Three or four years ago, after my youngest daughter spent time in Morocco and introduced us all to fresh mint tea, we started a mint patch in our garden. The trick to this salad is to add the fresh mint at the very last minute, after the dish has cooled to serving temperature.

Orzo Salad with Currants and Mint
1 tablespoon butter
1/2 cup slivered almonds
6 quarts boiling water
2 tablespoons kosher salt

1/2 pound orzo (also called riso)

1 tablespoon extra virgin olive oil

1/2 cup Zante currants

4-5 sprigs fresh mint (about ten leaves, or 1/8 - 1/4 cup when chopped fine)
Drizzle of balsamic vinegar

Salt and pepper to taste

Using a small cast iron frying pan, melt the butter until it is fragrant and beginning to color and add the almonds. Cook, stirring, until the nuts brown lightly. Set aside.

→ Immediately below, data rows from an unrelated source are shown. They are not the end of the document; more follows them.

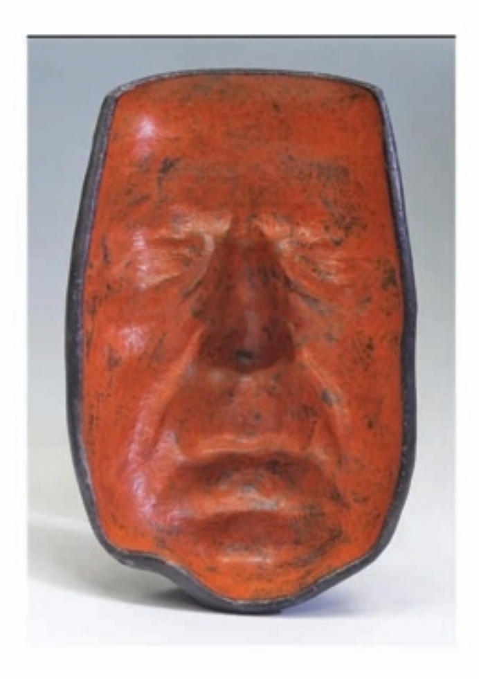
Masks / 20x10x5 cm / Stoneware, Terra Sigillata, Gas-Wood reduction firing
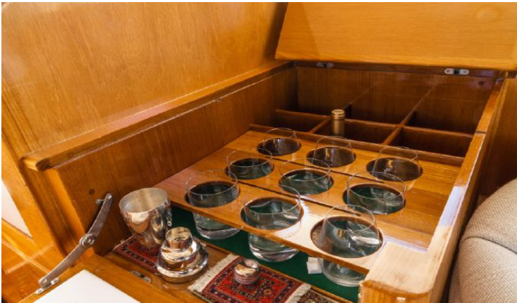
Grand Banks Cocktail Cabinet
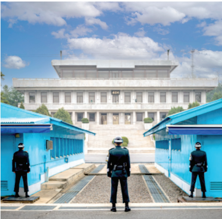
Joint Security Area in DMZ

Journey to the Korean Demilitarized Zone (DMZ), the stark border between North and South Korea. Visit key sites including Imjingak Park, the symbolic Freedom Bridge, and the clandestine Third Infiltration Tunnel. Gain unique perspectives of North Korea from the Dora Observatory and explore Dorasan Station, the northernmost railway station in South Korea. After exploring these poignant and historic sites, return to the hotel for a leisurely evening or further personal exploration.
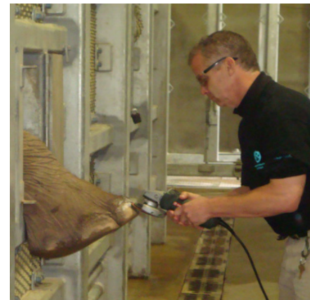
Numerous Access Points for Foot Care

Foot Portals: Several access points with movable rods to provide adjustable space for full spectrum foot care
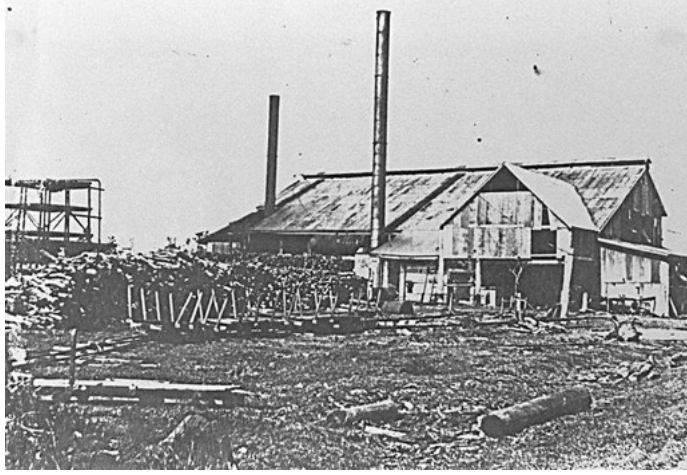
Benowa Sugar Mill
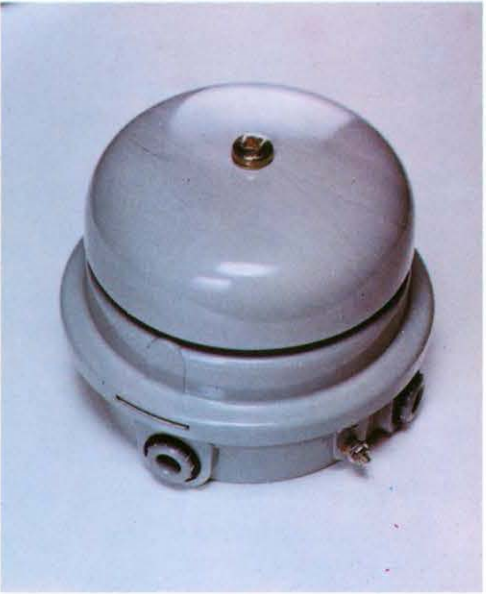
Indoor or outdoor Mains powered 6" gong
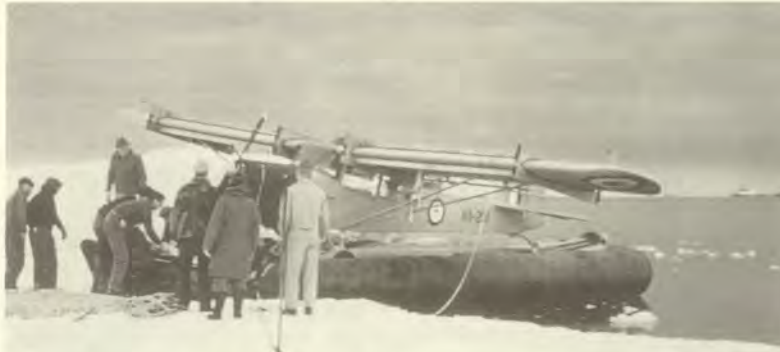
A11-201, the Antarctic veteran, is brought ashore at the American base at Wilkes, 24 January 1959.

managed to get the aircraft safely ashore. Leckie then flew it up to a better strip on the plateau behind the station, after first fitting skis. From the airstrip behind the station he was able to taxi down to peg it out near the radio aerials. With the aircraft on skis ashore a lot of flying immediately became possible. (84)
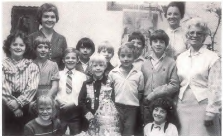
The primary children and teachers of the Sherwood Park Church dressed a doll entirely in currency from pennies to $10 bills. Over $500 was raised for the Investment Fund.
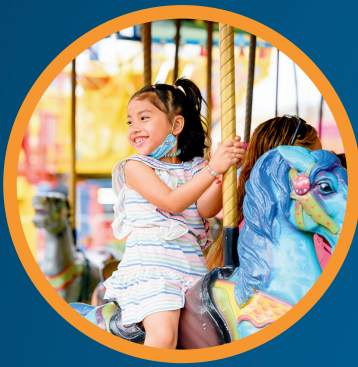
Friday, October 6

Montebello City Park, 1301 W. Whittier Blvd.
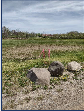
May 12, 2022 Staking out site
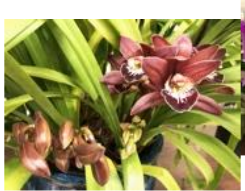
C. Bryce Canyon
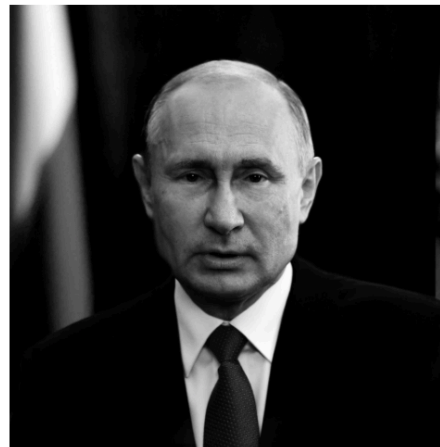
President Vladimir Putin's denials about the poisoning of a Russian politician aren't credible.
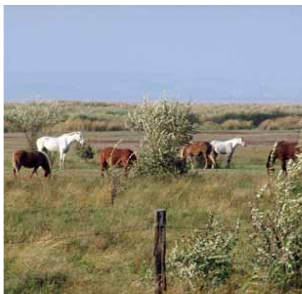
Picture 61 - The reintroduction of wild horses along the lakeshores of Fertö Neusiedlersee (Austria)
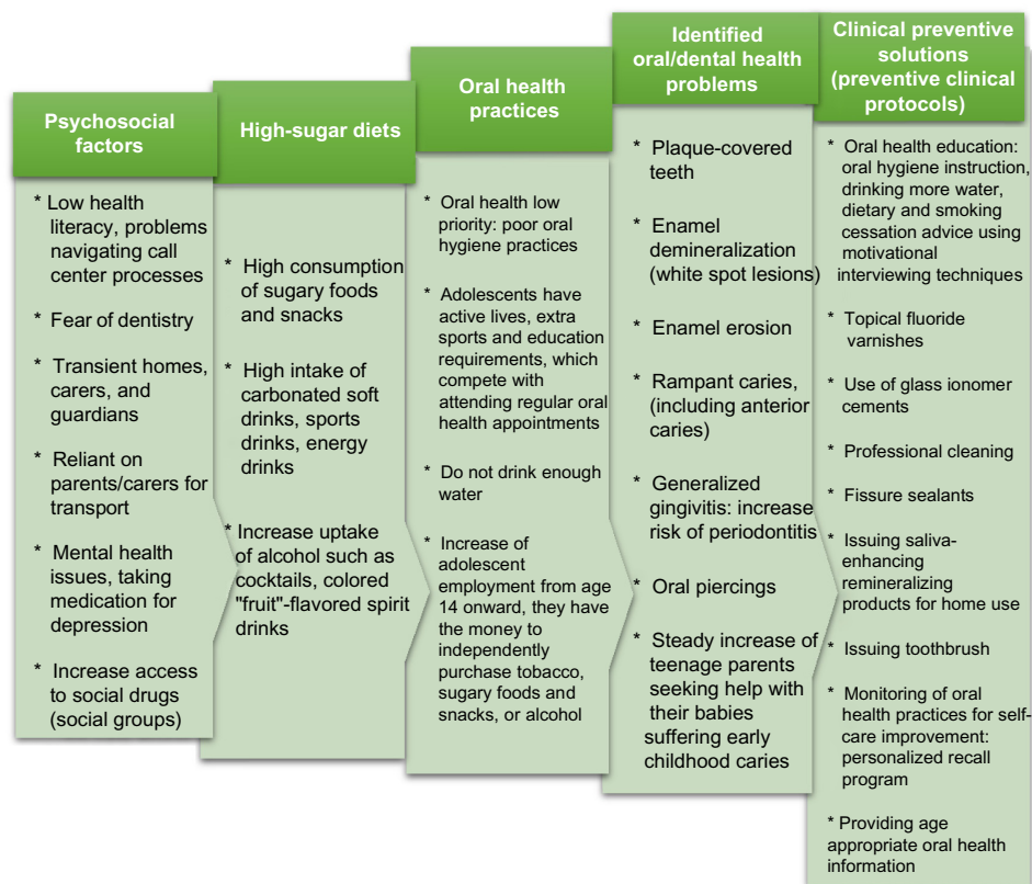
Figure 3 Senior clinicians' perceptions of factors affecting adolescents' oral health issues and potential solutions.

very challenging. Teenage pregnancy and the father of the child, their children developing early childhood dental caries [SC013]
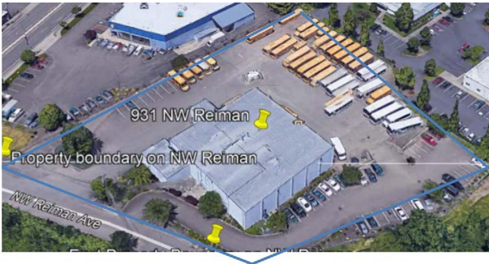
Benton Center North – 931 NW Reiman
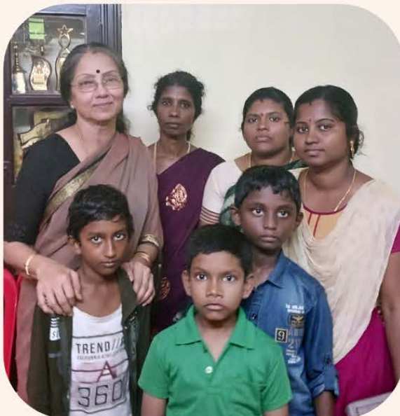
Usha with three sponsorship beneficiaries and their moms.
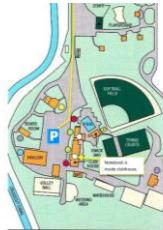
Parking and Notebook Location

Necessary phone numbers: Shift reporting if there are any issues: 602-619-8326
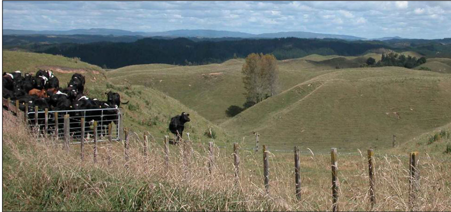
Hill country property

(a) Explain in detail, considering economic and social factors, why farmers on North Island hill country properties continue to farm a combination of sheep, cattle, and deer.
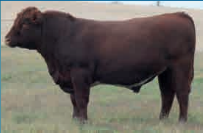
Lot 5 Belmore Larrikin P61
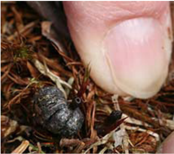
Mummy berry fungus stalk emerging

Mummy berry is a blueberry disease caused by the fungus Monilinia vaccinii-corymbosi . The fungus overwinters in last year's mummified blueberries lying on the ground. About the time that blueberry buds are swollen and starting to open, the fungal stipes begin to grow out of the mummies. They are dark brown, and the tips swell and open into light brown "mushrooms". When the tips of the stipes (stalks) begin to open (they look a bit like a finish nail then) they are ready to release ascospores to spread the infection.
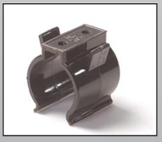
Plastic gripper (for hard panels)
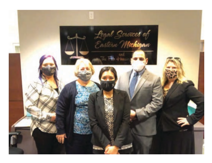
Have a safe and healthy over the holiday season!

Again, thank you all for your help and support. If you would like to join the Pro Bono Committee, please reach out to any of the members.
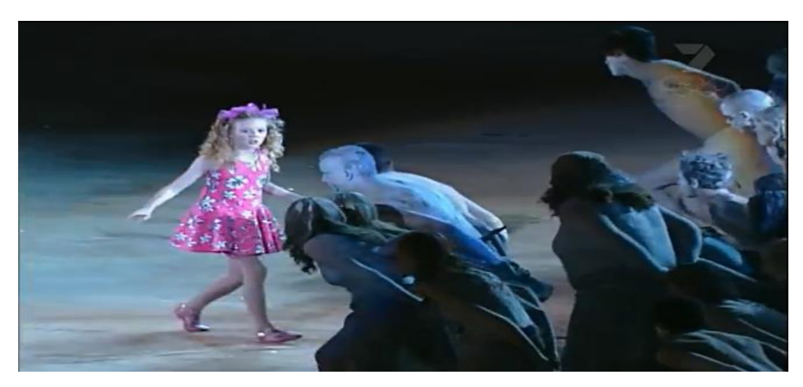
Figure 1: "Webster Meets Aboriginal Australians"

though he is walking on clouds (Fig. 4). Djakapurra then joins the performers below, each tribe slowly merging together back into one mass as an Aboriginal symbol for sunlight is lifted towards the ceiling of the arena (Fig. 5). Each tribe, again as one group, walks towards the prop, raising their arms upward as the audience then joins in a similar motion, cellphones and glowsticks held high in the air (Fig. 6).
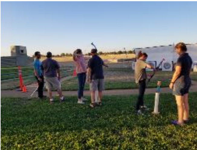
Caucus Shooting Line
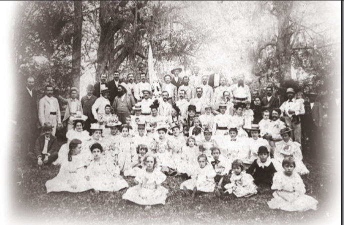
Fayette County citizens enjoying good times on the bluff with Kreische's Bluff Beer.
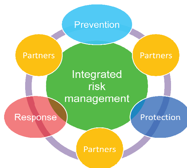
Figure 2 Surrey Fire and Rescue Service integrated risk management

This integrated approach to the management of risk is not solely dependent on the fire service. We work with a wide range of partners on a statutory basis as well as those in the private and voluntary sector (see figure 2 below)
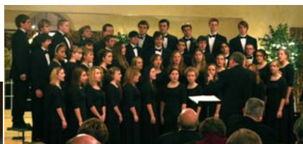
Entertainment - courtesy of

Boil the orzo in the salted boiling water until al dente. Drain and put in a serving platter, and toss with the olive oil.

Put the currents in the platter along with the browned almonds. Toss well and drizzle with balsamic vinegar. Taste for salt and pepper. When ready to serve, add the chopped mint and toss again.

Here it is, just before I added the mint and stirred it all together. I like to put the almonds on top of the orzo and let it sit like that as it cools -- it helps the oil to drip down and prevent the orzo from sticking.


baby birds

Two of the Guinea Fowl, days after they arrived

Last year was the first year I tried raising a mixed flock of meat birds inside electric poultry netting. We had chicken, turkeys, geese, ducks and guinea fowl and they all tasted delicious. This year, we decided to go with a less diverse flock, keeping them in a poultry tractor that we move every day.

My meat birds were born on July 22, and the next day 25 colored ranger chickens and 15 French Guinea fowl arrived at my local post office in two small perforated cardboard boxes. I chose a new-to-the-US breed, Colored Ranger Chickens (called "Label Rouge" in France), because they are supposed to do better on pasture than the usual White Cornish Crosses. The problem with Cornish birds is that they are the Dolly Parton's of the poultry world -- bred for lots of breast meat balanced on weak little legs. Cornish don't even thrive well under factory conditions (but they gain weight fast, so the mortality rate is acceptable to such producers). When they live on grass, however, they fall over easily, break their legs, or otherwise can't thrive in a natural environment. It is a problem that lots of backyard farmers find very frustrating. These Colored Rangers are new to the United States and I was happy to find them here I got 25 for two reasons: first, they are the minimum order, and second, I figured 25 chickens in the freezer would be a year's worth of roast chicken dinners and stock. I am planning to process them here on the farm this October, with the aid of an acquaintance with more experience, and am planning to keep all of the necks and feet for stock, the innards for paté and the birds themselves for roasting whole.

French Guinea Fowl are larger and meatier than other guineas. While I got these birds mostly to control the tick population in our fields (they eat the deer ticks that cause Lyme disease), I also wanted them to do double-duty as meat birds. We'll be processing all of these birds at about twelve weeks.

I found the design for a chicken tractor online (a portable cage for the birds, which allows them to eat the grass without being in danger of attacks by predators). We put it together in about four hours, at a cost of $150.00. The birds, who are growing visibly every day, are inside it now, having been under a heat lamp for their first two weeks. We move the tractor every day onto a new patch of grass recently vacated by the sheep, and keep them supplied with organic feed and water. As I drag the tractor one length along the grass, the birds walk along inside at the same pace as I drag it. They get really excited as soon as they land on a new patch of grass, and immediately begin chirping and exploring. When you look back at the grass they have been on before, you can really see how much they've eaten it down in just twenty four hours. They also process the sheep droppings and fertilize the soil, depositing their manure at a rate that the soil can absorb.